Abstract 575 - A Comparison of Hepatotoxicity and Response to Potent Antiretroviral Therapy (ARV) in HIV/HCV-Infected and Matched HIV-Infected Patients.

575 A Comparison of Hepatotoxicity and Response to Potent Antiretroviral Therapy (ARV) in HIV/HCV-Infected and Matched HIV-Infected Patients.

F. J. Torriani*¹, C. Byrnes¹, V. Asensi², J. A. Carton², and J. A. Maradona².
¹Univ.of California San Diego, La Jolla and²Univ. of Oviedo Med. Sch., Spain.

Background:Hepatotoxicity (HTOX) after starting ARV occurs in up to 14% of HIV/HCV-coinfected patients (pts) and often leads to the interruption of ARV. Direct drug toxicity or immune recovery syndrome to HCV antigens are postulated mechanisms of HTOX. We characterized parameters of response to ARV and HTOX in HIV/HCV pts and compared them to HIV-infected (HIV) pts matched by age, year of starting ARV, and CD4 counts before ARV.

Methods:CD4 counts, HIV RNA, ALT, alkaline phosphatase (alk phosp), bilirubin (bili) and GGT pre-ARV, and changes at 1, 2, 6, 9, and 12 months (mo) post-ARV from 94 HIV/HCV pts and 94 HIV pts starting ARV between 7/96—12/99, were compared retrospectively. HTOX was defined as a rise in ALT >2-fold the upper limit of normal. Results are expressed as mean+SE.

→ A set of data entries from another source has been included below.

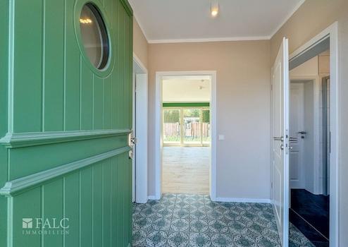 Vom Flur aus erwartet Sie ein großzügiger Wohnbereich mit großen Fensterfronten und direktem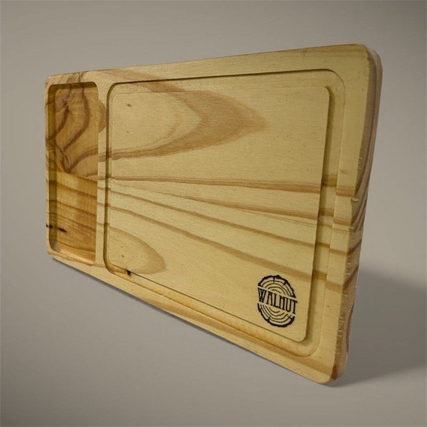 Plato de pino con sección para ensaladas o acompañamientos. Diseñada para quienes buscan funcionalidad y estética, combina un espacio separado para tus guarniciones con la superficie principal para cortar o servir.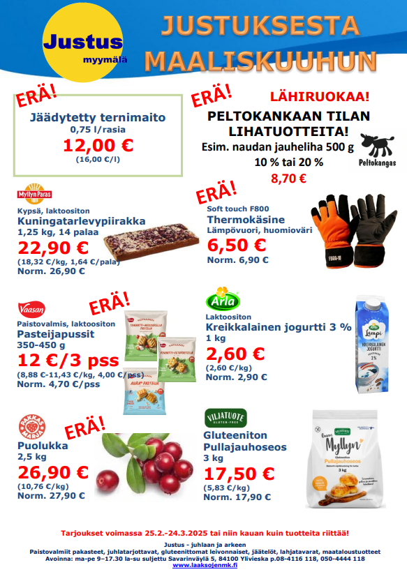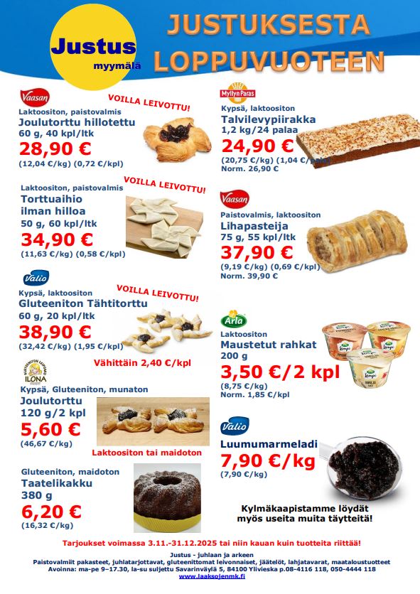 Justus-myymälän suosikkituote ovat vuodesta toiseen ollut paistovalmiit pakasteet, joista loihdit suolaiset ja makeat juhlatarjottavat ja muut kahvileivät helposti ja nopeasti. Tukkupakkauksissa pakasteet ovat edullisia, mutta pakkaamme tarvittaessa myös pienempiin pakkauksiin.

Results:Pre-ARV CD4 counts were 266+15 cells/mm³and HIV RNA was 4.4+0.1 log₁₀copies/mL. ALT were significantly higher in HIV/HCV vs. HIV: 90+9 vs. 39+5 IU (P < 0.001). No HIV/HCV pt was treated for HCV prior or during ARV. Up to 1.5 years before ARV, 23 HIV/HCV and 30 HIV pts had an AIDS-defining event, while post-ARV only 5 and 1 experienced AIDS, respectively. 89% of HIV/HCV vs. 94% of HIV received a PI-containing regimen. Maximal CD4 and HIV RNA changes occurred within 2 mo and were less pronounced in HIV/HCV vs. HIV: +111 vs. 223 (P < 0.001) and -1.3 vs. -2.0 after 12 mo of ARV (P < 0.001). In 64/72 (88%) HIV/HCV and 55/80 (69%) HIV, HIV RNA was <400 copies/mL after 12 months of ARV. 37/94 (39%) HIV/ HCV vs. 10/94 (11%) HIV had >2-fold rise in ALT, leading to switches in 8 and cessation of ARV in 2 HIV/ HCV pts vs. none in HIV. Two HIV/HCV pts died of cirrhosis. While ALT >2-fold predominantly occurred 2—6 mo after ARV in HIV pts, HTOX was seen at all time points in HIV/HCV pts.

Conclusions:The magnitude of CD4 and HIV response to ARV is significantly less in HIV/HCV pts with similar CD4 and HIV RNA levels prior to ARV. HTOX correlated with immunologic and virologic response to ARV. HTOX is more frequent, severe, and sustained in HIV/HCV pts and may require changes in ARV.